We walked to the car. Lance got in and his head leaned back on the headrest like he was trying to push it through it. He let out a huge exhale.

"Well?" I asked.

"I don't know. When we went in, I was scared. I'm not sure of what. I think it was of actually being an alcoholic. Then people started talking. Hearing their problems, they seemed awful. I thought, `I don't belong here. I'm not like these people.' Then I realized a common thread. None of them intended to drink too much; it just happened. Then when I kept hearing how drinking impacted parts of their lives, I realized, I'm exactly like these people. How did I get to this place? What have I done?"

At his apartment, Lance placed the chip on a clip magnetized to the fridge. He told Evan and me that he wanted to see it to make sure he didn't ever put beer in the fridge again. I told him I was proud of him.

At home I called Mike and reported it went pretty well. He was also happy to hear I reconnected with Dad. Probably happier than me. Tonight was powerful. I was wondering how easily I would fall asleep. Despite how chaotic life had seemed to become, I tried to focus on the forward steps — Dad, Lance's AA meeting, my relationships at the station. I still couldn't sleep. I decided to write.

July 8

Lance attended his first meeting. I was proud. He was very scared, but I think he will fit in. The group seemed very welcoming. Lots of people with issues, but I think that lets everyone know they are not alone; they don't have to hide.

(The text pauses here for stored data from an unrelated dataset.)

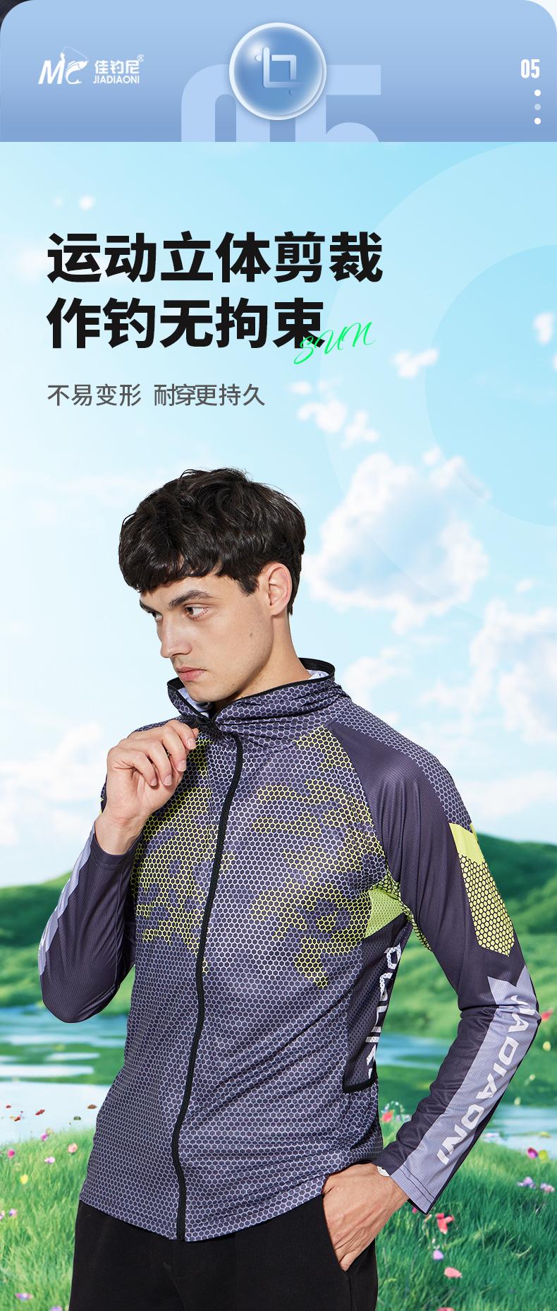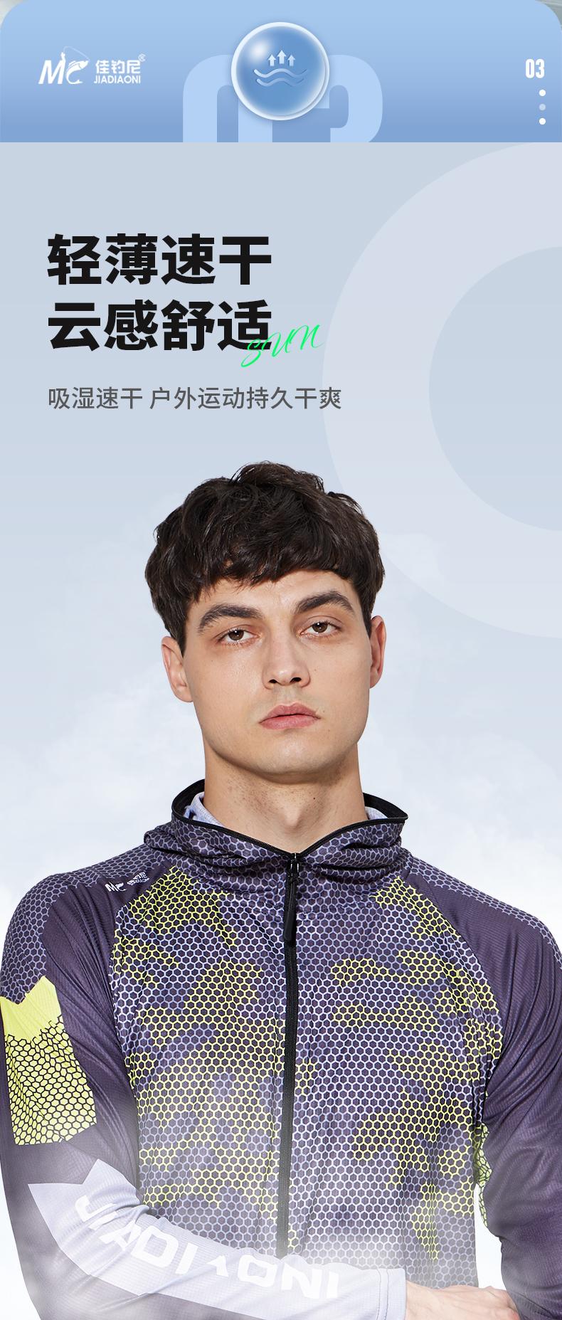 佳钓尼钓鱼服速干防晒服男连帽轻薄透气
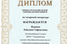 Нуриева Лейсания Тафкилевна - призер республиканской олимпиады по татарской литературе 15.02.2016
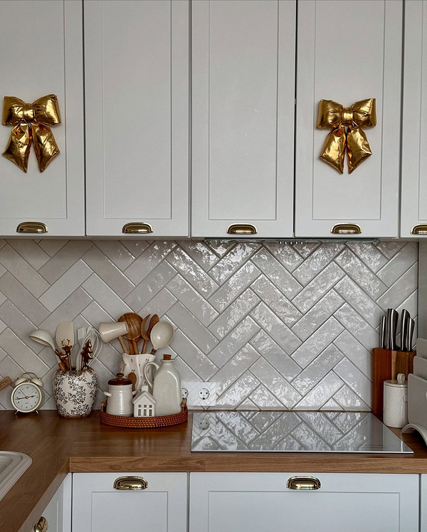 Новогодняя посуда может играть роль полноценного декора, при этом функционального. Расставьте любимые кружки на полках или продумайте повседневную сервировку с новогодними деталями. Так кухня будет напоминать о приближающемся празднике, при этом можно обойтись меньшим количеством нефункциональных декоративных предметов.
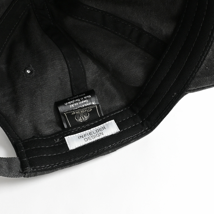 INFIELDER DESIGNらしい遊び心を効かせたエンブレムキャップ。
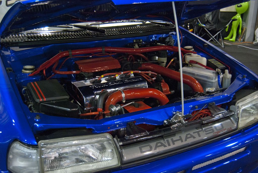 Némi erősítésre szükség is volt-e fronton, hiszen a motor sem maradt változatlanul. A Daihatsu-t gyárilag a kisebbik, 993 köbcentis háromhengeres turbómotorral (GTti) szerelték, mindezt az eredeti helyett egy 1,2 baron töltő IHI csiga, izmosabb lefújószelep, HKS töltőnyomás szabályzó és Magnecor gyújtás támogatja, hajtás oldalon pedig könnyített lendkerék és Exedy kuplung került a listába.
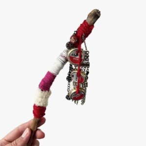Versier een takje met wollen draden, oude sieraden en bierdopjes tot een RaTaTakje. Schud ermee om muziek te maken.
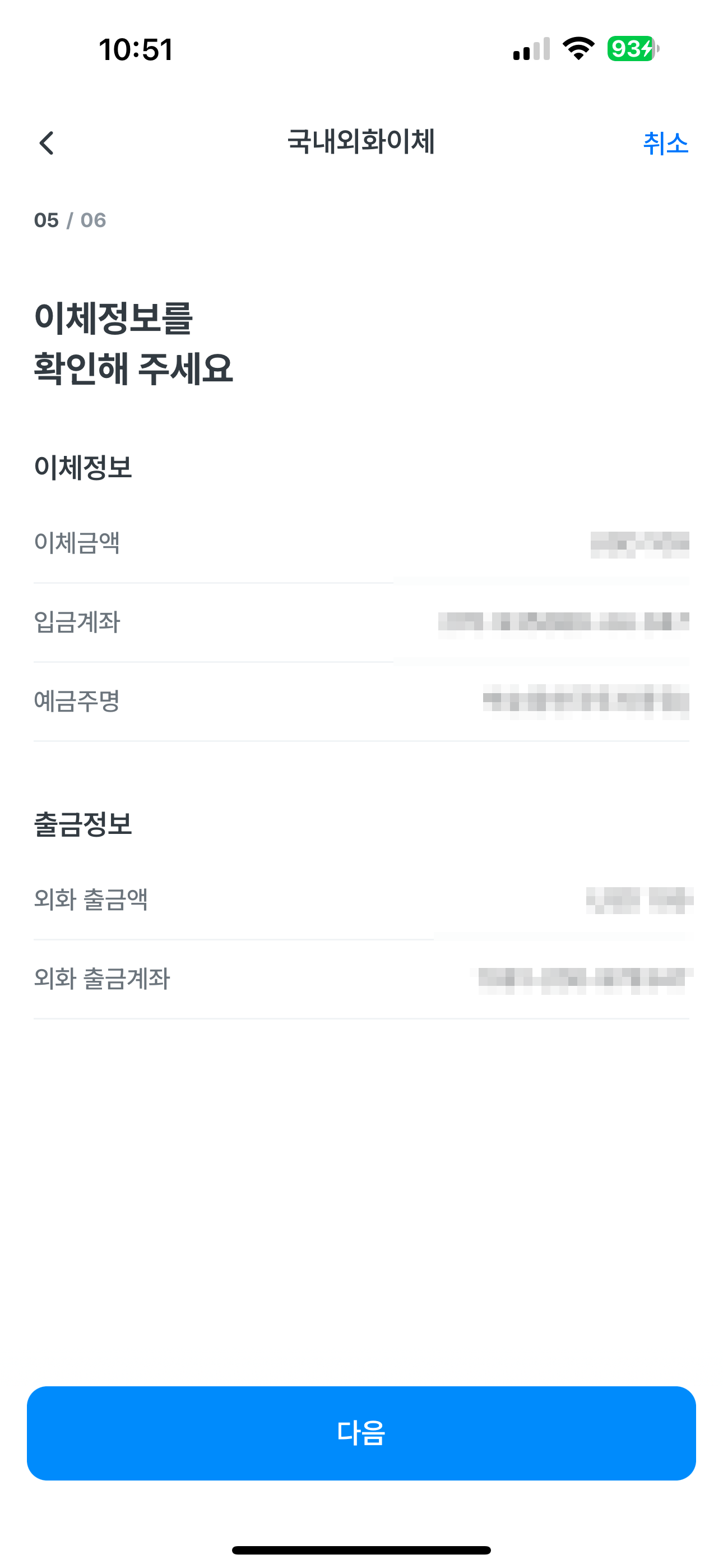 이체 정보를 확인하고 맞다면 "다음" 을 탭해줍니다.

He has gone five days. That is a start. That's a big start. I'm glad Evan is there. He is probably a better influence than me. I was just a reminder of what he couldn't have.

 

My alarm would go off in less than seven hours. Since Mike and I have sex somewhat regularly, I don't often masturbate. I decided to take matters in hand. I was hoping it would help me sleep. I hadn't worked my dick solo in so long. It was nice. It felt both a bit lonely and yet also personal. My thoughts drifted to Mike. I momentarily envisioned that Cooper fellow from the meeting, but then went back to Mike. By now, I knew every inch of Mike's body. All the parts that were masculine to me penetrated my brain.

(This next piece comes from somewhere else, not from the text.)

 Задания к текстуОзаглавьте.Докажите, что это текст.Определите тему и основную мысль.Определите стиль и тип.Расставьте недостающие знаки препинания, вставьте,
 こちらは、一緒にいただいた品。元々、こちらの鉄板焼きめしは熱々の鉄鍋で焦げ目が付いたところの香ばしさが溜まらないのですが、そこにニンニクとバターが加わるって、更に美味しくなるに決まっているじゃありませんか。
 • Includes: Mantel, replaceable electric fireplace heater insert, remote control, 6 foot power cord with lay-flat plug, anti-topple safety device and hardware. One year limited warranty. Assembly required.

For some stupid reason I thought of Dad. While progress had been made, I knew he didn't understand. How long would the whole gay concept be a mystery?

I started to lose my erection.

My thoughts circled back to Mike. I told Dad he made me happy. He does. I felt happier because I knew it was "love happy" and not "sex happy." But the sex was good. Really good. Fucking good. I thought of fucking Mike. I thought of Mike fucking me. My grip on my dick mimicked the sensation of being inside his body. My fingers felt the soft, light hair on my chest. I envisioned the savage hair on his upper body and my fingers strolling through it all. My senses swam in everything Mike. I curled my tongue inside my mouth, pretending it wrapped around his cock. I was hard. I was hot. I was gay. I could feel my body luxuriate in all things male. My crotch throbbed. My breathing panted. My back arched and my ass lifted off the bed.

Cum shot all over me.

Five minutes after I wiped my chest, I drifted off.